Odsuwając się delikatnie od męża, wróciłem do kończenia śniadania.
- Pomóc ci w czymś? - Na to pytanie pokiwałem przecząco głową, wszystko już było gotowe, a więc w niczym pomagać mi nie musiał.
- Nie dziękuję, kochany nie trzeba, już prawie skończyłem. Zajmij miejsce przy stole i czekaj - Mój mąż posłusznie wykonał moje polecenie, dając mi w spokoju zakończyć to, co zacząłem, bym już po chwili mógł wszystko podać na stół. - Smacznego - Dodałem, siadając obok męża.
- Dziękuję wzajemnie - Ładnie podziękował, całując mnie w policzek, zabierając się za jedzenie.
Śniadanie minęło nam w przyjemnej atmosferze, dużo rozmawialiśmy i śmialiśmy się, znów czując się jak dzieci. Wspólnie posprzątaliśmy po posiłku, mając trochę czasu dla siebie, by po prostu razem spędzić czas, siedząc na kanapie i rozmawiając o wszystkim i niczym.
- To co zabieramy się za twojej włosy? - Przerwałem ciszę, która na chwilę nastała, rozciągając swoje zastygnięte mięśnie.
- Jeśli bardzo ci na tym zależy - Nie do końca chyba miał na to ochotę, mimo wszystko dając mi zająć się swoimi włosami, które ładnie poddały mi się, gdy zacząłem je podcinać i układać tak by wreszcie nie żyły własnym życiem, a przynajmniej nie tak bardzo, jak przedtem.
- Gotowe i jak ci się podoba? - Spytałem, z niecierpliwością czekając na jego odpowiedź.
- A tobie się podoba? - To pytanie lekko mnie zaskoczyło, miał mi odpowiedzieć na moje pytanie, a nie zadawać swoje pytanie to trochę dziwne jednakże w stylu mojego męża tak więc nie powinno mnie to dziwić a mimo wszystko dziwi.
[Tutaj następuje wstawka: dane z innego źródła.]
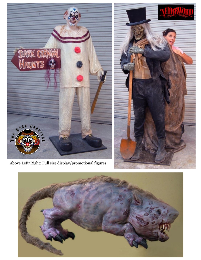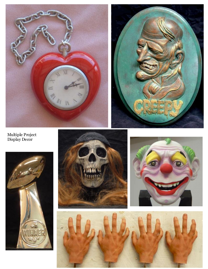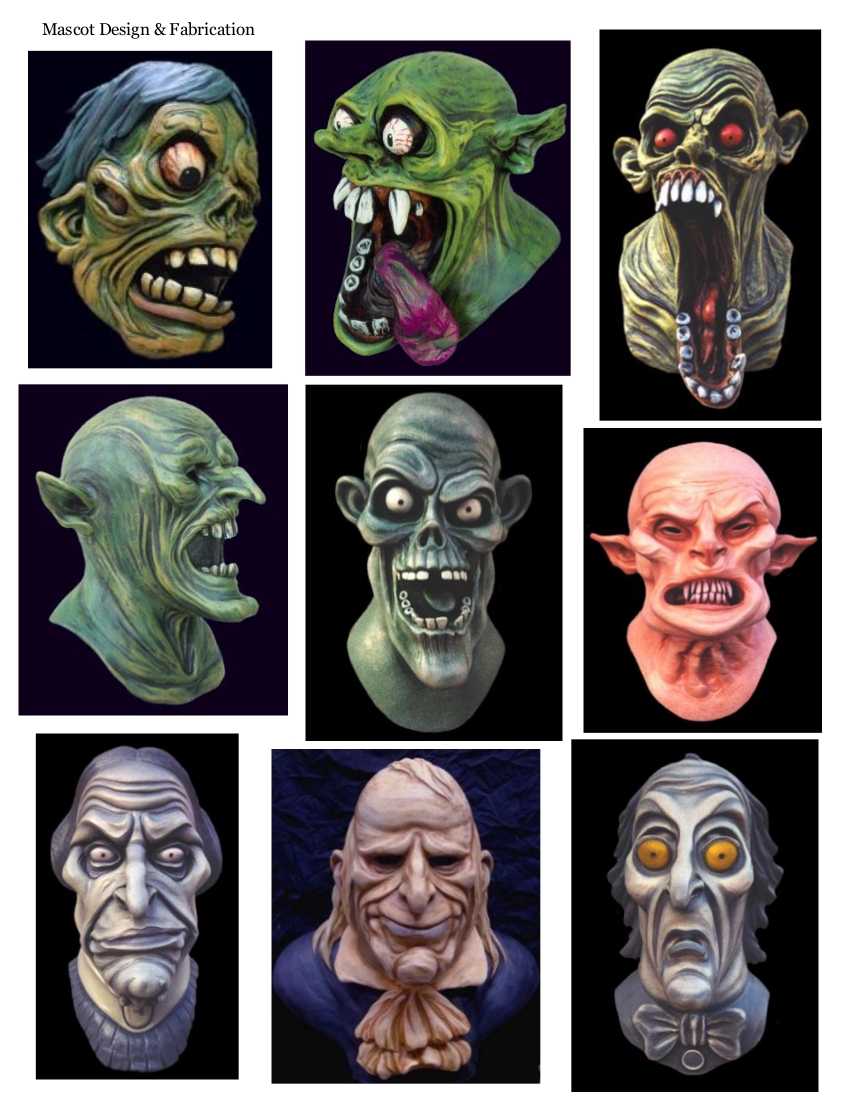 Below you'll find a few more pieces from our vault. Custom masks, props, custom mascots, figures, scenic decor - and much, much more. For additional information, pricing and options - contact The Caretaker with this handy yellow-link!
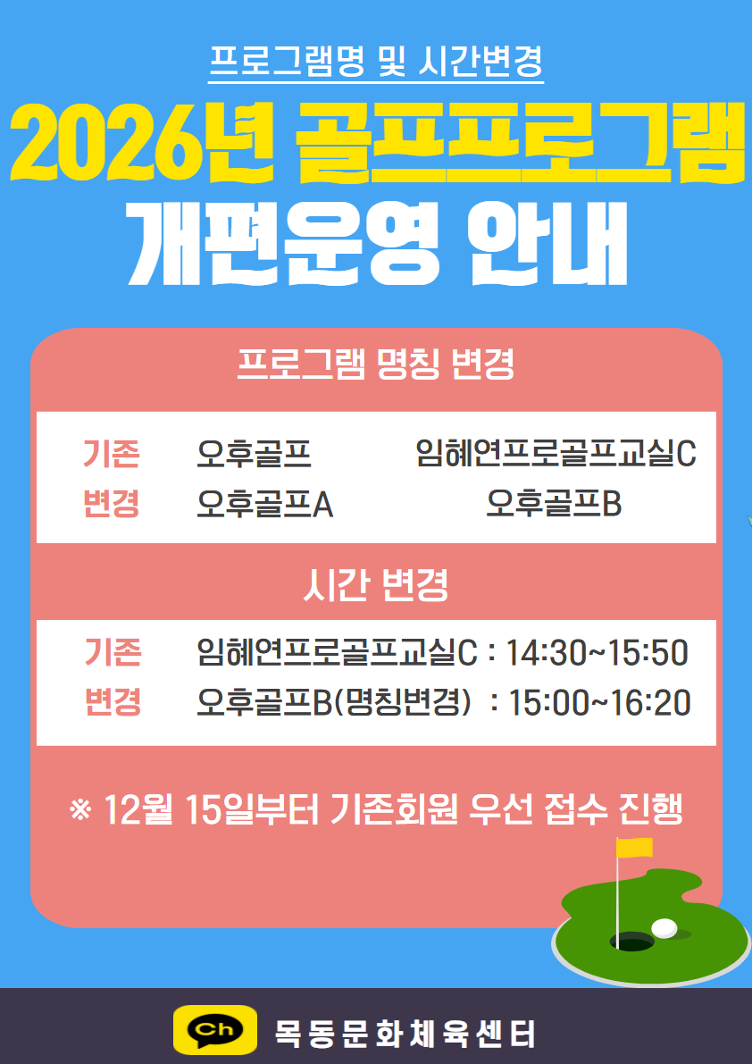 이번 개편을 통해 기존의 ‘오후골프’ 프로그램은 ‘오후골프A’로 ,‘임혜연프로골프교실C’는 ‘오후골프B’로 명칭이 변경된다. 또한 임혜연프로골프교실C반의 운영시간을 오후 3시부터 4시 20분으로 조정하여 보다 안정적이고 체계적인 강습환경을 제공하여 강습 집중도가 매우 향상될 것으로 기대된다.
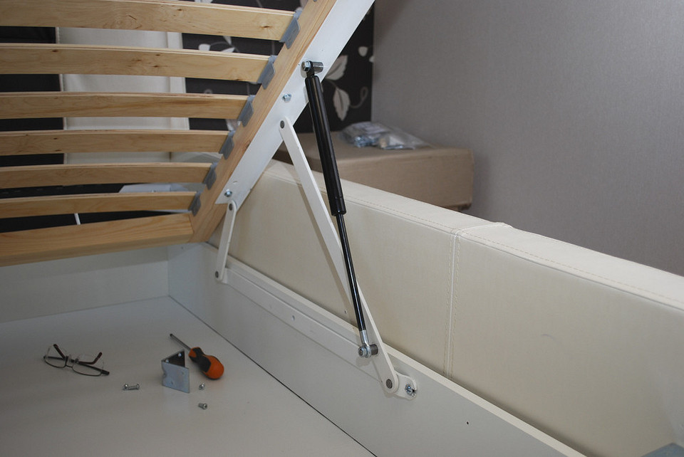 Как ставить газлифты на кровать? Это можно делать как после сборки каркаса, так и до установки подъемных механизмов на него. Пожалуйста, ориентируйтесь в этом вопросе на производителя мебели. Но механика действий будет одинаковой.
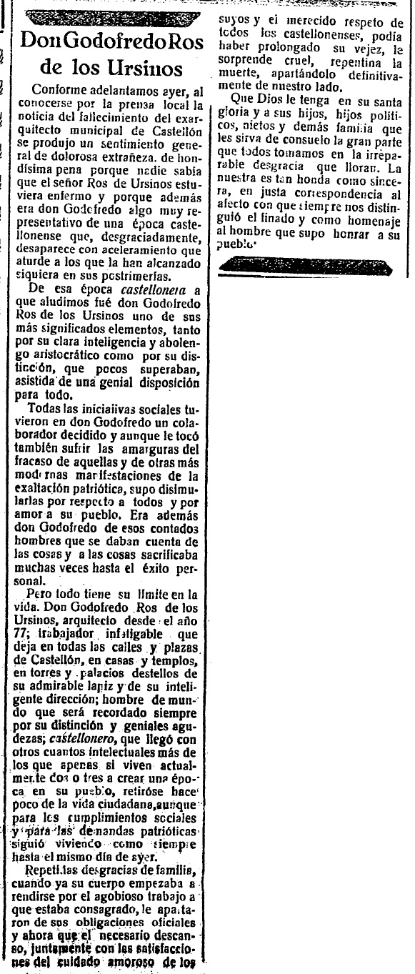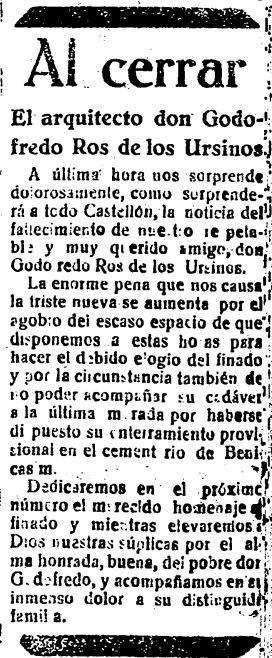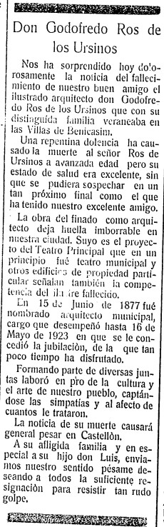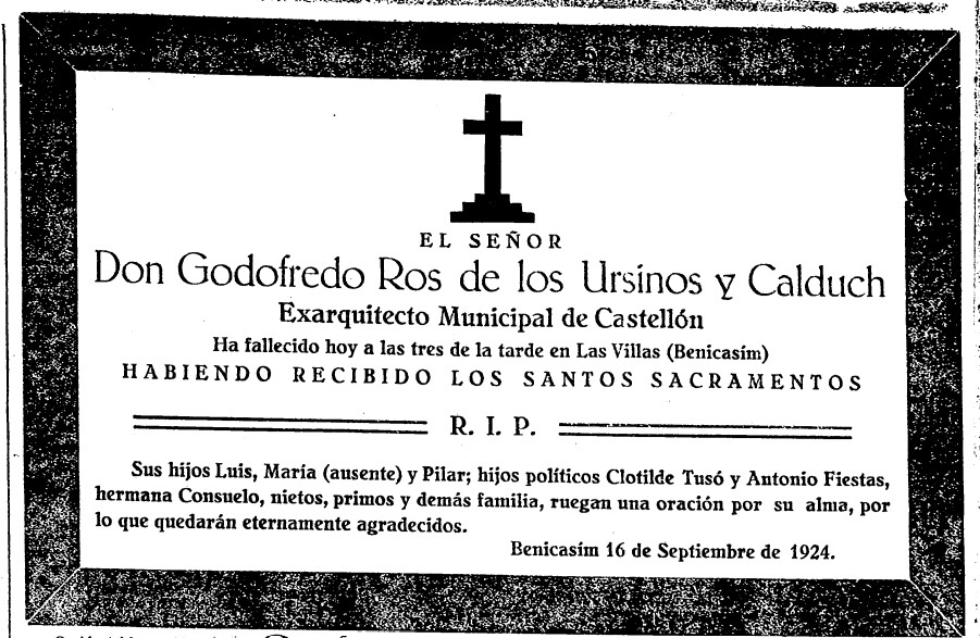 El castellonense Godofredo Ros de Ursinos, arquitecto municipal de la ciudad durante casi medio siglo y creador de espacios como la plaza de la Paz, el Teatro Principal (1894) o la iglesia de la Sagrada Familia (1900) entre otros, fallece repentinamente «a las tres de la tarde» del martes 16 de septiembre de 1924. La noticia es recogida así por Heraldo de Castellón, que se lamenta de no poder asistir a su entierro «por haberse dispuesto su enterramiento provisional en el cementerio de Benicasim»:
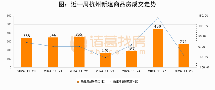 【杭州成交日报】11月26日新房成交271套、二手房250套;涨价房源56套
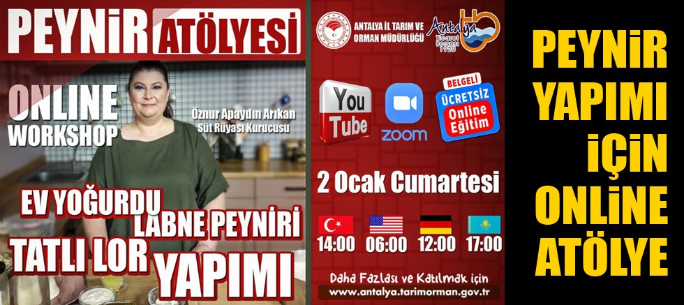 Antalya Ticaret Borsası ile Antalya Tarım ve Orman Müdürlüğü işbirliğinde pandemi döneminde tarımsal eğitimi sürdürebilmek amacıyla başlatılan uzaktan eğitim programı, Peynir Atölyesi ile devam ediyor. Ücretsiz online planlanan Peynir Atölyesi 2 -24 Ocak tarihleri arasında Cumartesi ve Pazar günleri yapılacak. Eğitimin sonunda yapılacak sınavda başarılı olan katılımcılara belge verilecek.
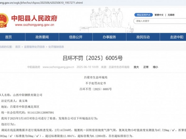 吕环不罚〔2025〕6005号——山西中阳钢铁有限公司
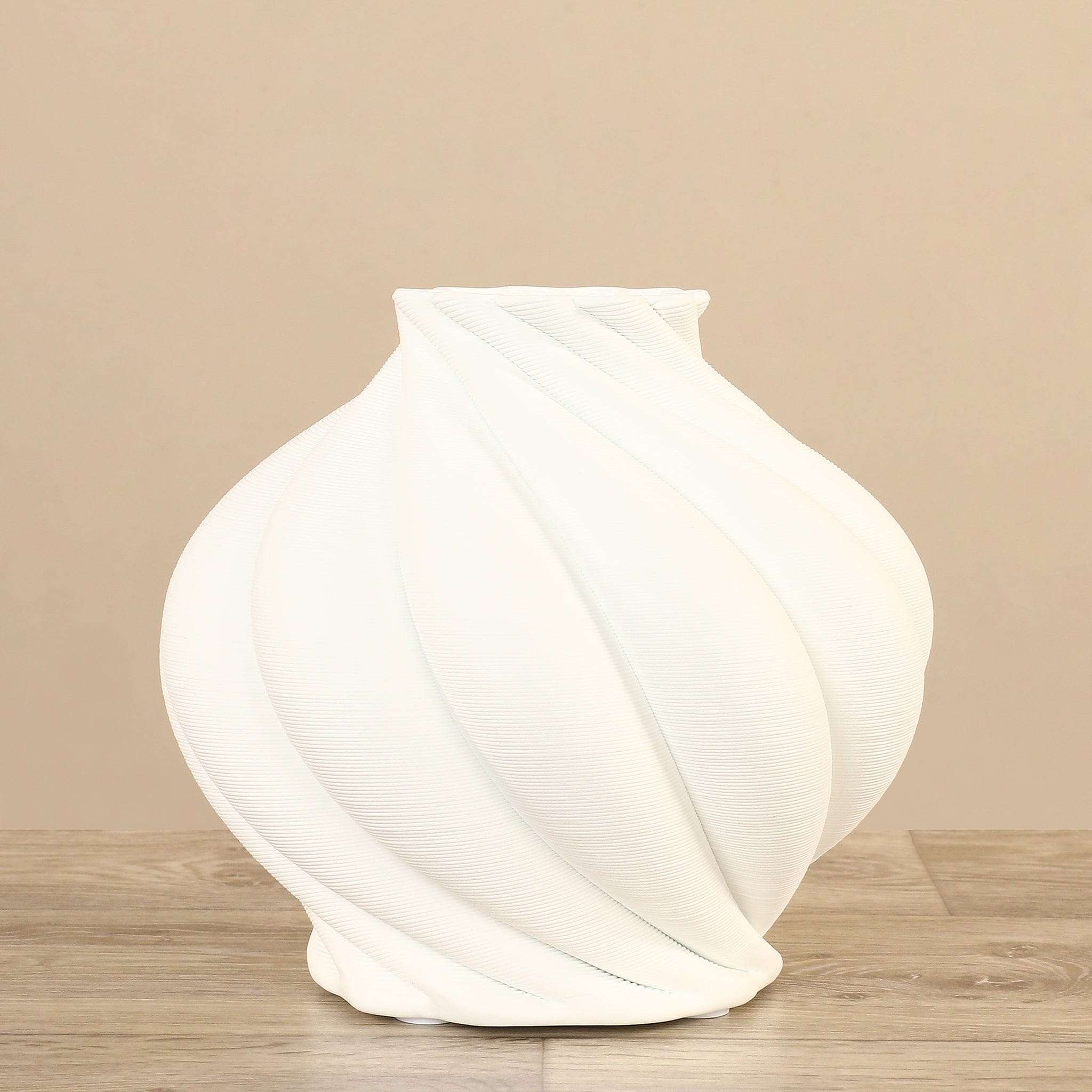 البساطة والأناقة تلتقيان في هذه المزهرية الخزفية. مصنوعة من السيراميك، ذات تصميم دائري ينحني ويلتف ليمنحها مظهراً معاصراًٍ وأنيقاً وبسيطاً في آنٍ واحد. حجمها مثالي للعرض على الرفوف أو الطاولات، وتضفي لمسة جمالية ناعمة على أي ركن.
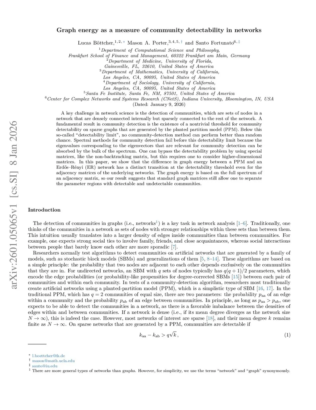 A key challenge in network science is the detection of communities, which are sets of nodes in a network that are densely connected internally but sparsely connected to the rest of the network. A fundamental result in community detection is the existence of a nontrivial threshold for community detectability on sparse graphs that are generated by the planted partition model (PPM). Below this so-called ``detectability limit'', no community-detection method can perform better than random chance. Spectral methods for community detection fail before this detectability limit because the eigenvalues corresponding to the eigenvectors that are relevant for community detection can be absorbed by the bulk of the spectrum. One can bypass the detectability problem by using special matrices, like the non-backtracking matrix, but this requires one to consider higher-dimensional matrices. In this paper, we show that the difference in graph energy between a PPM and an Erdős--Rényi (ER) network has a distinct transition at the detectability threshold even for the adjacency matrices of the underlying networks. The graph energy is based on the full spectrum of an adjacency matrix, so our result suggests that standard graph matrices still allow one to separate the parameter regions with detectable and undetectable communities.
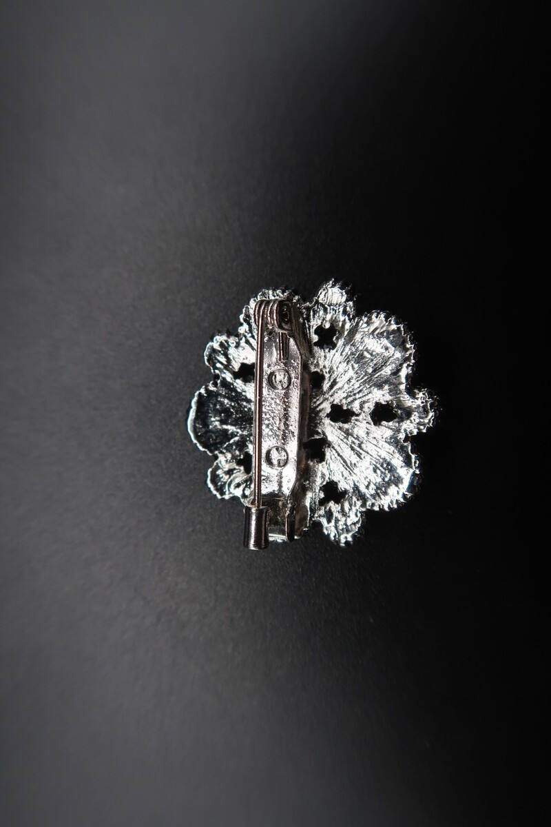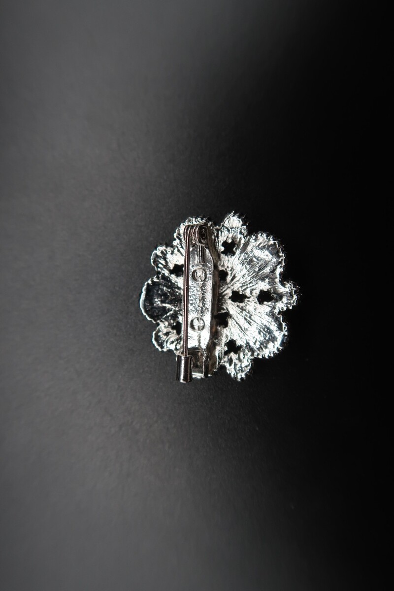 Vtg Silver Tone Black Enamel Flower Brooch and similar items
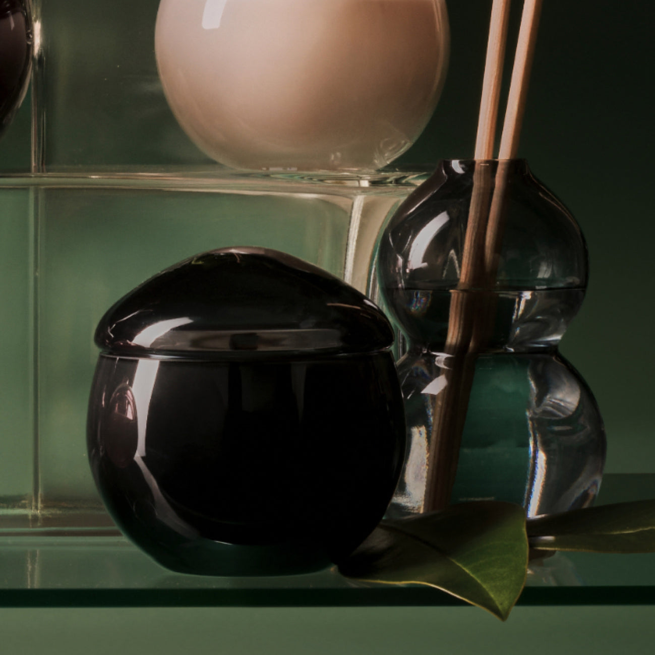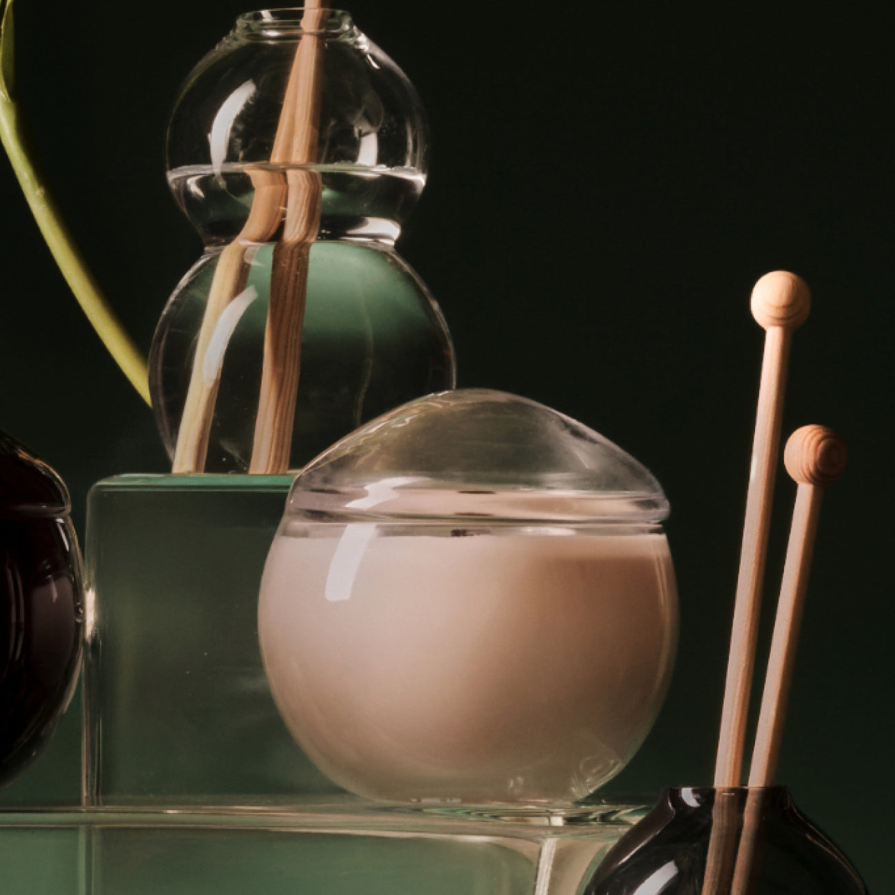 The glass bottle of the room fragrances and the glass jar of the scented soy wax candles, both made in Finland, beautifully echo Aarikka's iconic round design language. The wooden reeds of the room fragrances are a piece of pure forest, and the wooden wick of the scented candles, made from pine, burns cleanly and with low emissions—gently crackling with an atmospheric charm.

- Sorey kochanie, nie ja... - Gdy zacząłem mówić, przerwało mi głośne pukanie do drzwi, zaskoczony zamilkłem na chwilę, aby skierować swoje kroki w stronę wydanego hałasu musząc sprawdzić, kto przyszedł. Czyżby wrócił już Yuki? Nie, on by nie pukał do drzwi, wszedłby od razu w końcu to też jego domu.
- Co wy tu robicie? - Zaskoczony widząc przed drzwiami serafiny ziemi, ognia i powietrza wypaliłem z tym głupim pytaniem, nie mając czasu ugryźć się w język.
- No bardzo miło nas przyjmujesz w swoim domu - Odezwał się oburzony Zavid.
- Przyszliśmy zobaczyć małą - Odpowiedziała Edna, omijając mnie w drzwiach, wchodząc do środka, to samo zresztą uczynił serafin powietrza, nie czekając na moje zaproszenie.
- Wejdź Lailah, zapraszam - Tylko pani jeziora potrafiła się zachować, wchodząc po zaproszeniu, a nie przed nim. Rany a ten dzień miał być taki spokojny.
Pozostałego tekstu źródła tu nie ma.